If you don't want to dive into the technical details, here's a simple guideline for staying within the default rate limits:

Submit documents at ~1 POST per second (1 document per second).
Poll for results using GET with exponential backoff — start with a short interval (e.g., 1 second), then double it on each retry until results are ready.
Use webhooks whenever possible — webhooks notify you when processing completes, eliminating the need to poll entirely. This is our recommended approach.

Following this pattern, you'll comfortably stay within the default rate limits without needing to track tokens or bucket capacity. Read on if you want to understand the full details or optimize for higher throughput.
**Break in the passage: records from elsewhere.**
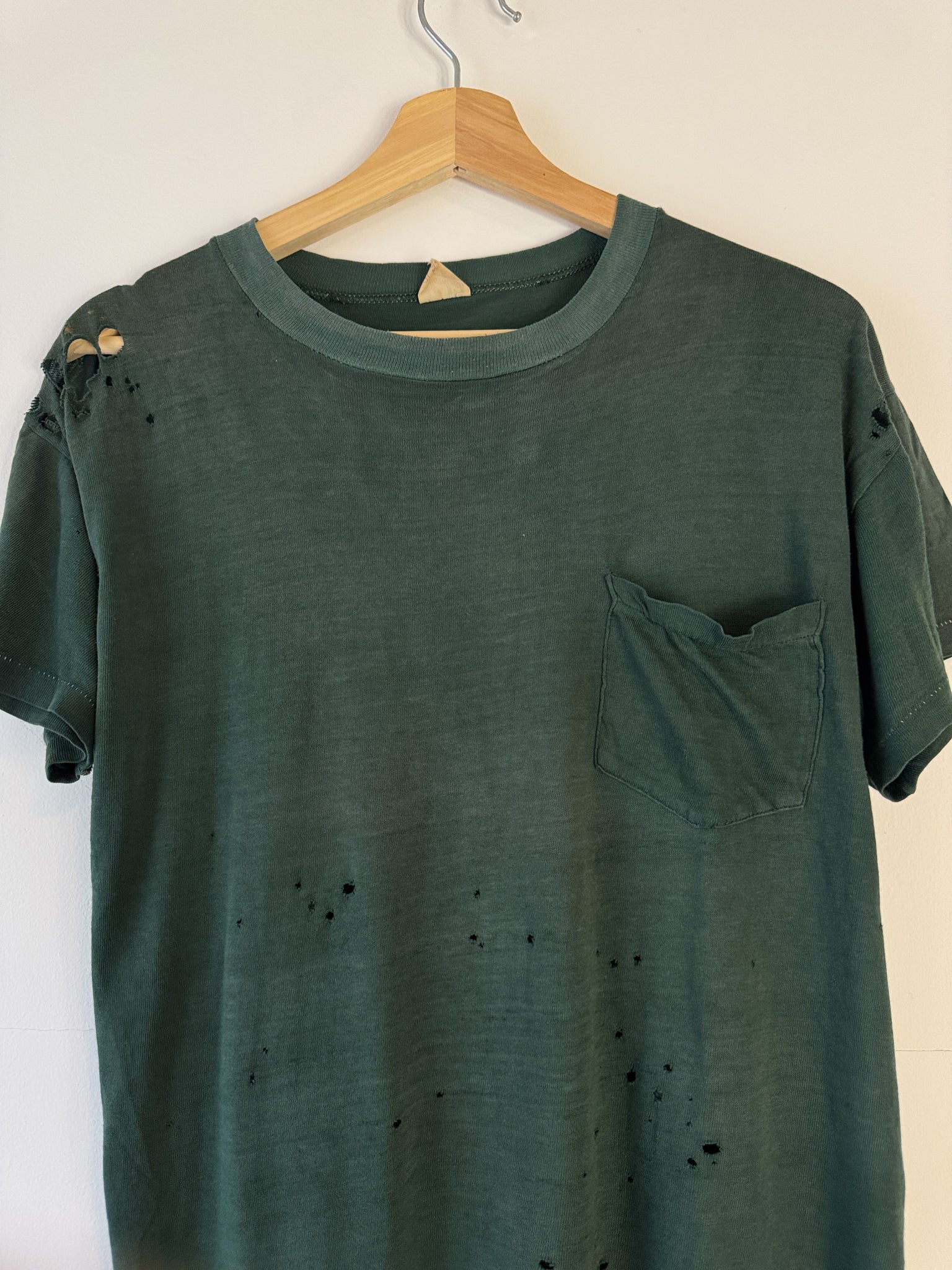 1960s Pennleigh Thrashed + Faded Green Pocket Tee (L)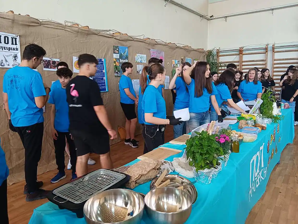 Κατά την παρουσίαση των προϊόντων ΠΟΠ στον χώρο του Σχολείου στις 24/05/2024, οι μαθητές έκαναν αναπαράσταση της εκπομπής του Σεφ Ανδρέα Λαγού με τον οποίο όταν τελείωσε η εκδήλωση επικοινώνησαν live μέσω του διαδικτύου.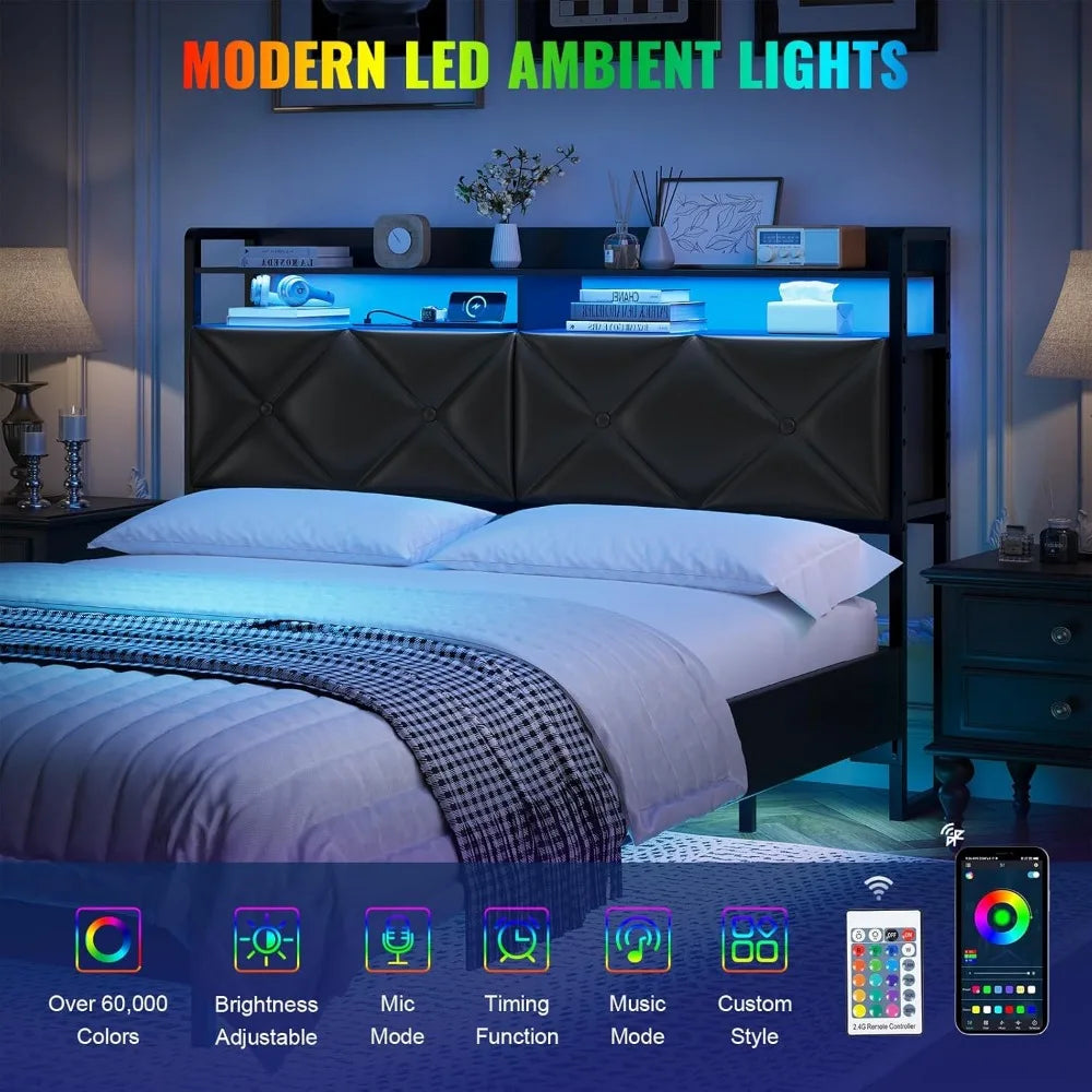 - LED Light and Charging Station: Our LED headboard features 2 AC outlets and 2 USB ports for convenient device charging. Its adjustable RGB light strip, controlled by remote, allows you to customize color, brightness, and mode, creating a relaxing atmosphere or serving as a night light
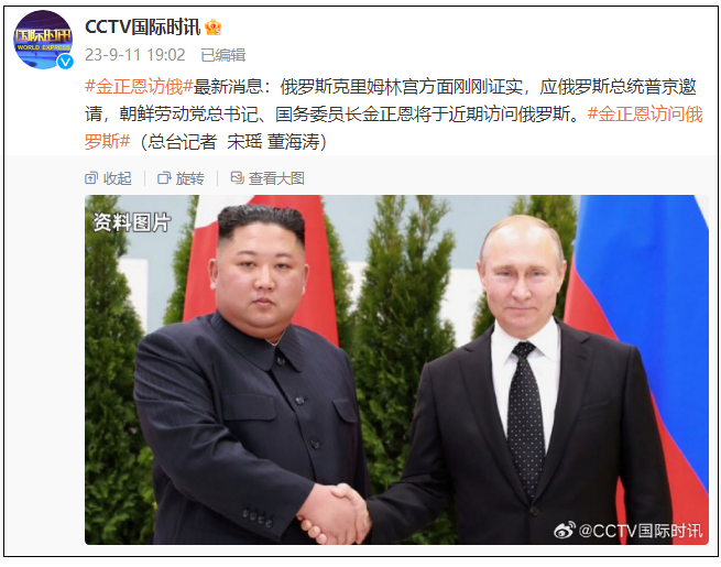克里姆林宮:金正恩將訪俄 None 2023-09-11 @CCTV國際時訊 9月11日最新消息:俄羅斯克里姆林宮方面剛剛證實,應俄羅斯總統普京邀請,朝鮮勞動黨總書記、國務委員長金正恩將於近期訪問俄羅斯。 (總枱記者 宋瑤 董海濤)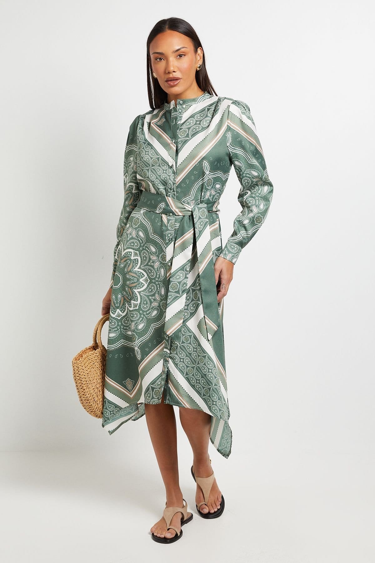 “Pair with tan leather sandals and a woven tote bag for a chic daytime look.”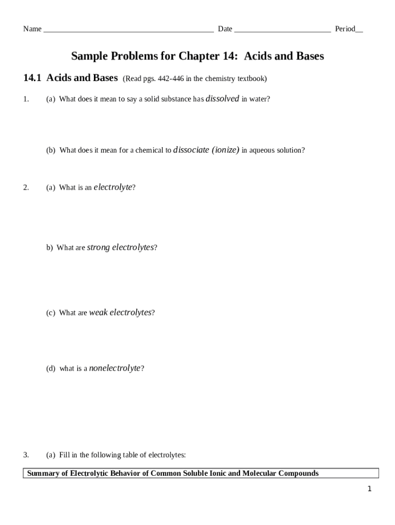 The AP Chemistry Practice Test: Ch. 14, Acids and Bases is a fillable form in MS Word extension that has to be completed and signed for certain purpose. Next, it is provided to the actual addressee in order to provide certain info of any kinds. The completion and signing is available manually or with an appropriate service like PDFfiller. Such tools help to submit any PDF or Word file without printing them out. It also allows you to edit its appearance for your needs and put legit digital signature. Upon finishing, the user sends the AP Chemistry Practice Test: Ch. 14, Acids and Bases to the recipient or several ones by email or fax. PDFfiller is known for a feature and options that make your Word form printable. It provides various settings when printing out. It doesn't matter how you'll deliver a form after filling it out - physically or by email - it will always look professional and clear. In order not to create a new writable document from scratch every time, turn the original file as a template. Later, you will have an editable sample.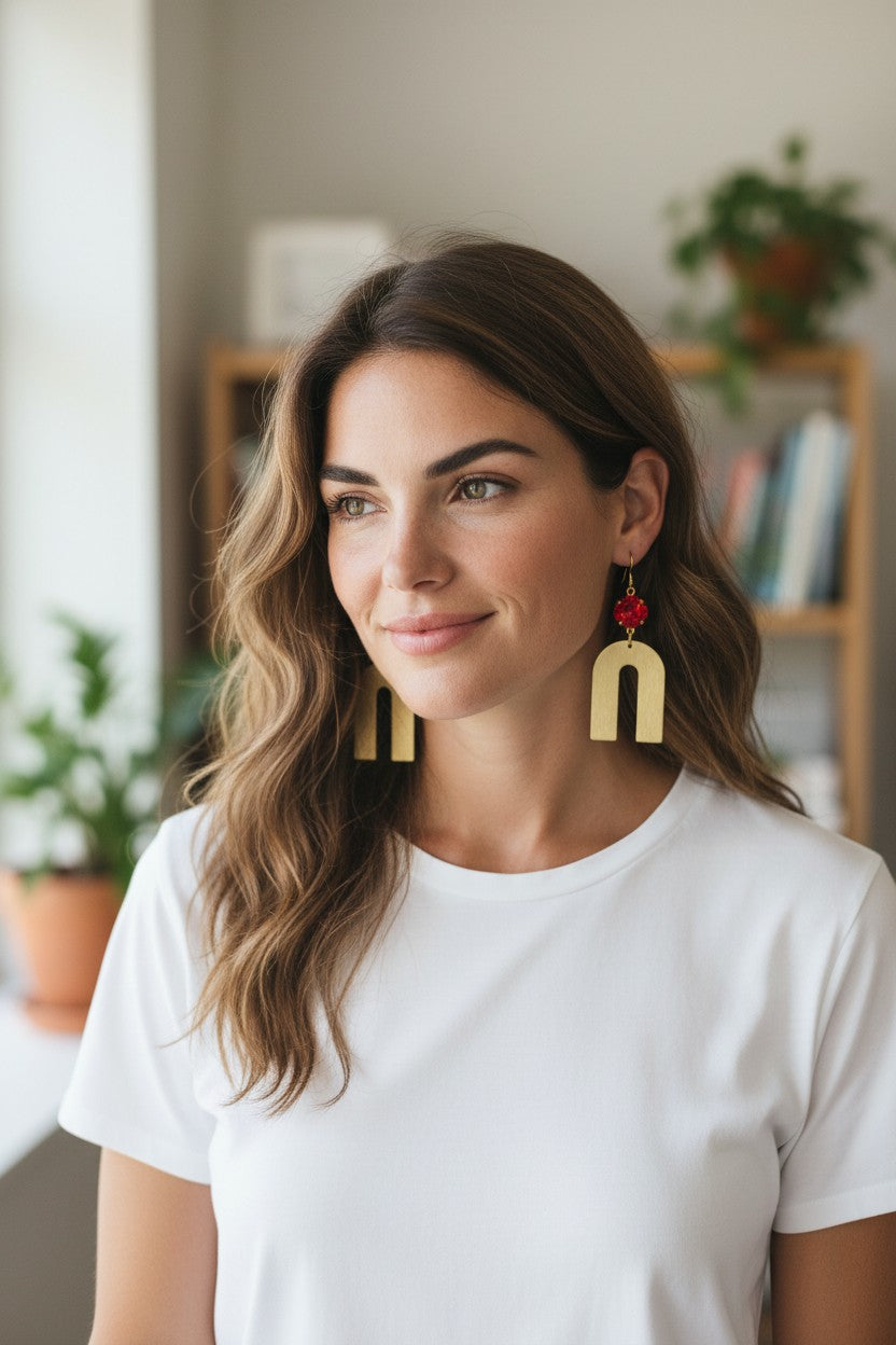 Light Siam Cushion Cut Genuine Crystal & Brushed Gold Pendant Earrings on Gold Tone Stainless Steel Fish Hook Ear Wires.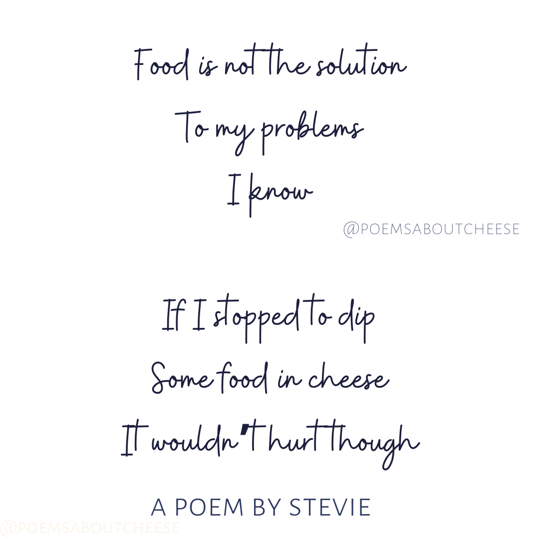 Dip Some Food In Cheese April 7, 2022August 8, 2022 Food is not the solutionTo my problemsI knowIf I stopped to dipSome food in cheeseIt wouldn’t hurt though Share this: Click to share on X (Opens in new window) X Click to share on Facebook (Opens in new window) Facebook Like Loading... Related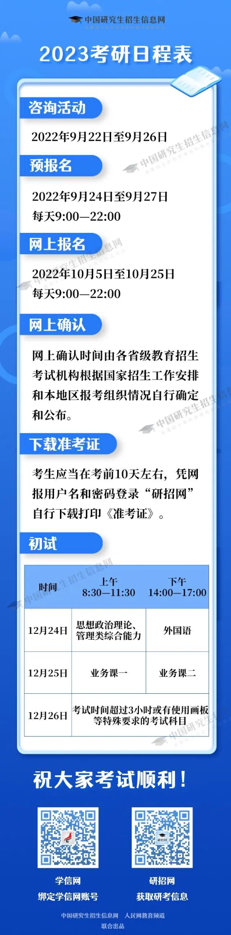 2023年考研時(shí)間已定!中國研究生招生信息網(wǎng)發(fā)布2023考研日程表,考研時(shí)間確定為12月24日-26日!具體內(nèi)容如下: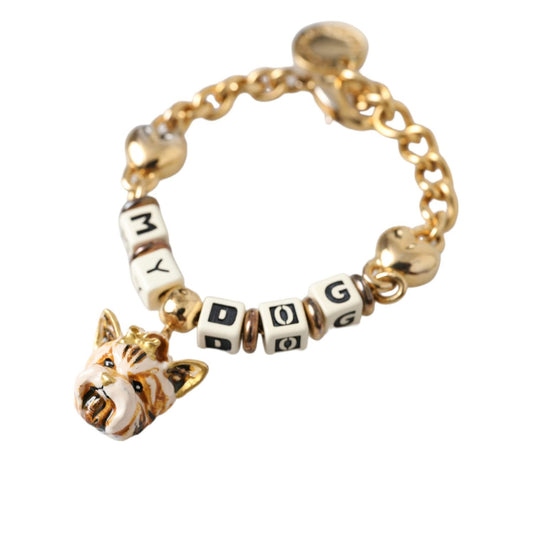 Dolce & Gabbana Gold Tone Brass Chain MY DOG Heart Bracelet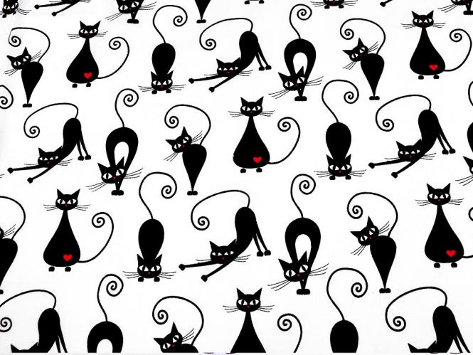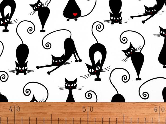 Baumwollstoff mit Katzenrmotiv schwarz-weiss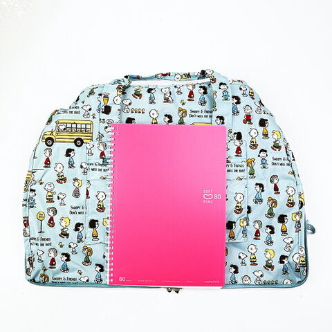 スヌーピーの折りたたみボストンバッグです。使わない時は折りたたんで小さく収納できます☆ファスナーを開けて広げるだけでバッグに早代わり♪スーツケースのキャリーバーに装着することが可能なので旅行などでも大活躍すること間違いなし!持ち運びに便利なショルダーベルト付きも嬉しいポイントです☆【サイズ】収納時:18cm×22cm×4.5cm、使用時:30cm×45cm×18cm、【容量:約23L】
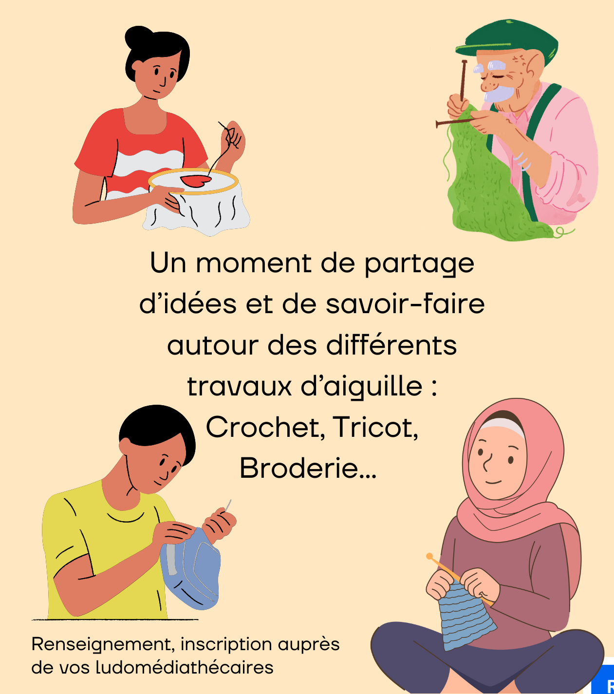 Un moment de partage d'idées et de savoir-faire autour des différents travaux d'aiguilles: Crochet, tricot, broderie...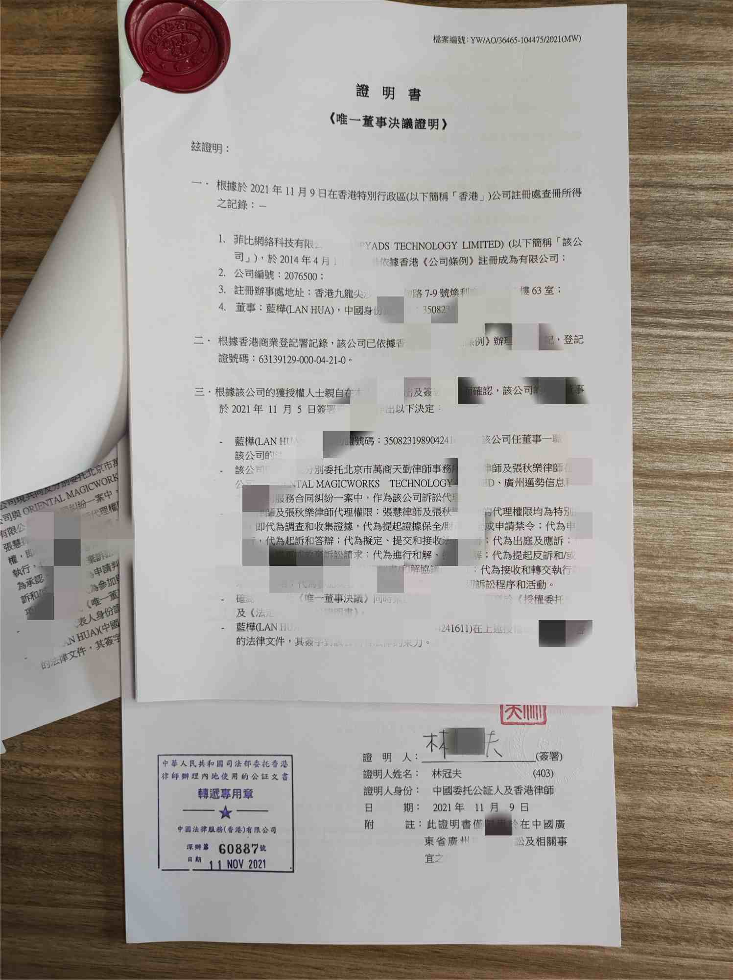 香港公司公證認(rèn)證即公證人依照法定程序證明發(fā)生在香港地區(qū)的法律行為、具有法律意義文書(shū)和事實(shí)的真實(shí)性、合法性。如香港公司在國(guó)內(nèi)投資活動(dòng),設(shè)立外資公司、法律訴訟、股權(quán)質(zhì)押、股權(quán)變更、申請(qǐng)商標(biāo)或董事變更等,都是需要核實(shí)是否真實(shí)存在的。香港公司文件用于中國(guó),也需要辦理公證認(rèn)證手續(xù)。下面小編就來(lái)說(shuō)說(shuō)香港公司文件用于浙江省嘉興市辦理法院訴訟之用的辦理程序。

Understanding Our Rate Limits

Token-Based Request Costs

Every API request consumes rate limit tokens from your allocated bucket. This rate-based accounting system is separate from billing credits. Rate limit tokens never cost money; they only limit how rapidly you can make calls. The cost in tokens depends on the HTTP method used:

GET requests: Cost 1 token each
POST requests: Cost 10 tokens each
DELETE requests: Cost 10 tokens each

We don’t differentiate between API endpoints for rate limits. Only the HTTP method affects the number of tokens consumed.

Steady-State and Bursting

Subscribed non-enterprise users receive a continuous replenishment of rate limit tokens at 1,800 tokens per minute. This steady influx supports:

About 3 POST/DELETE requests per second (3 * 10 tokens = 30 tokens per second, or 1,800 tokens per minute).
About 30 GET requests per second (30 * 1 token = 30 tokens per second, again totaling 1,800 tokens per minute).

To handle short-term spikes, we employ a leaky bucket algorithm with a maximum capacity of 3 times your per-minute refill rate. At 1,800 tokens/min, this equates to a bucket of 5,400 tokens at full capacity. This reservoir lets you exceed the steady-state rate for short periods until these tokens are used up, after which you must wait while tokens refill at the normal rate.

The Leaky Bucket Algorithm

Think of your rate limit like a bucket of tokens:

Bucket Capacity: Holds up to 5,400 tokens.
Refill Rate: Adds 1,800 tokens per minute continuously.
Cost Per Request:
- GET requests consume 1 token.
- POST and DELETE requests consume 10 tokens.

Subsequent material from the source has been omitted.